Mini organs, big breakthroughs: Scaling organoids for next-generation drug discovery
Experts explore the technologies and innovations transforming organoids into scalable platforms for drug discovery
12 Feb 2026
Organoids are self-assembling 'mini organs' driving a new era in personalized medicine and next-generation therapies. These 3D models more closely reflect human biology than traditional 2D cultures or animal systems, changing how we study disease and develop drugs.
In this SelectScience® Forum, held in partnership with Tecan, experts discuss how to transition these powerful 3D models from the lab bench into industrialized, high-throughput screening environments to truly deliver the next generation of drug discovery.

The panel included Dr. Thomas Hartung of Johns Hopkins University, Dr. John McLean of Vanderbilt University, and Dr. Simone Sidoli of Albert Einstein College of Medicine.
From animal models to 3D human organoids
Organoid research has advanced rapidly over the past two decades. When Dr. Hartung began working with 3D rat brain organoids in the early 2000s, robust methods for modeling human tissue were still limited, and many early systems relied on animal-derived models.
“The breakthrough came with the availability of induced pluripotent stem cells, which allowed us to humanize our models,” he explained. “By 2013, we were among the first groups to develop human brain organoids, and by 2016, we had achieved the first mass-produced, standardized brain organoids.”
“This solved a fundamental problem,” he said. “We cannot ethically experiment directly on human brains, but these technologies now allow us to study aspects of the brain that are only possible in 3D systems.”
For Dr. Sidoli, who first started working in organoids when he launched his lab around seven years ago, the transformation has been visible even within this relatively short timeframe. “The technology has matured to the point where growing organoids is no longer as technically challenging as it once was,” he said, “shifting them from niche expertise to systems that many labs can now realistically adopt.”
3D models are transforming modern drug discovery
A core theme of the discussion was the growing inadequacy of traditional 2D cell cultures and animal models for modern drug discovery. “More than one-third of new drugs are biologicals designed to modulate complex pathways,” said Dr. Hartung. “Traditional 2D cultures and animal models often can’t capture the complex mechanisms that determine how these therapies actually behave in humans. Therefore, to more effectively assess the efficacy and safety of new drugs, we need models that better reflect human biology.”
“This is why organoids are so valuable. By recreating aspects of human tissue structure and function in 3D, they allow researchers to study drug responses in a setting that more closely resembles the patient,” he said.
Dr. Sidoli echoed this view, offering a specific example from his work on aging. “A critical aspect of aging is the misfolding and disorganization of DNA,” he explained. “But traditional 2D cultures consist of cells that are constantly proliferating, which is counterproductive when studying DNA structure and macromolecular organization. In adult tissues such as the brain, many cells divide rarely, if at all.”
“By preserving more realistic tissue architecture and cellular behavior, organoids provide a model that more closely reflects how human tissues function in vivo,” he said. This is critical in aging research, where subtle cellular changes drive disease and influence how therapies work.
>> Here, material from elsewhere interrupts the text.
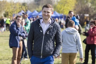 Uwaga! Szkło! Edukacyjny piknik rodzinny w ramach kampanii edukacyjnej poświęconej obowiązkowi segregacji szkła. Gdańsk, Park Reagana. Nz. Z-ca Prezydenta Gdańska Piotr Grzelak

Barriers to implementing organoid systems
Despite their growing importance, implementing organoid systems still faces several hurdles. “One of the main challenges is time,” said Dr. Sidoli. “Organoids take longer to grow than traditional cell cultures because they need time to assemble, establish cellular connections, and reach a physiologically relevant state.”
Dr. McLean described reproducibility as a hurdle in his early work with organ-on-chip systems. “One of the main challenges was ensuring device-to-device consistency and system-wide control,” he said. “Linking multiple organ systems made this even more complex, and establishing a shared culture environment that preserved function across systems took years to refine.”
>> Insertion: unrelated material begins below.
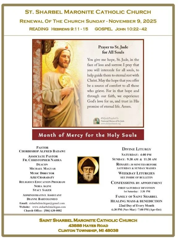 We invite you to join us for our next Healing Mass on November 22, 2025 at 6:30 PM. During this liturgy, we will pray for Saint Sharbel to intercede for our intentions, and everyone present will receive a special blessing with Saint Sharbel oil. Special intentions will be prayed for world peace and the Sanctity of Life. We hope that you will be able to join us!

Dr. Sidoli added that because organoids better reflect real human tissue, they are naturally more complex to analyze. “Organoids are inherently heterogeneous. But that’s precisely what makes them valuable because real organs are heterogeneous. With the right technology, we can overcome this challenge and better understand this complexity.”
The technologies powering next-generation organoid research
As organoids grow more complex, ensuring consistent results and quality depends on more sophisticated analytical tools. In his organ-on-chip systems, Dr. McLean’s team uses ion mobility–mass spectrometry to monitor what tissues secrete in real time and how these change in response to drugs or environmental stressors. “Unlike traditional liquid chromatography, ion mobility operates on the millisecond timescale,” he explained, “allowing rapid separation and structural characterization of highly complex molecular mixtures.”
“Our goal is to build comprehensive molecular catalogs that capture how the whole organoid system responds to a drug, creating datasets that can then be analyzed using machine learning to uncover meaningful patterns,” he added.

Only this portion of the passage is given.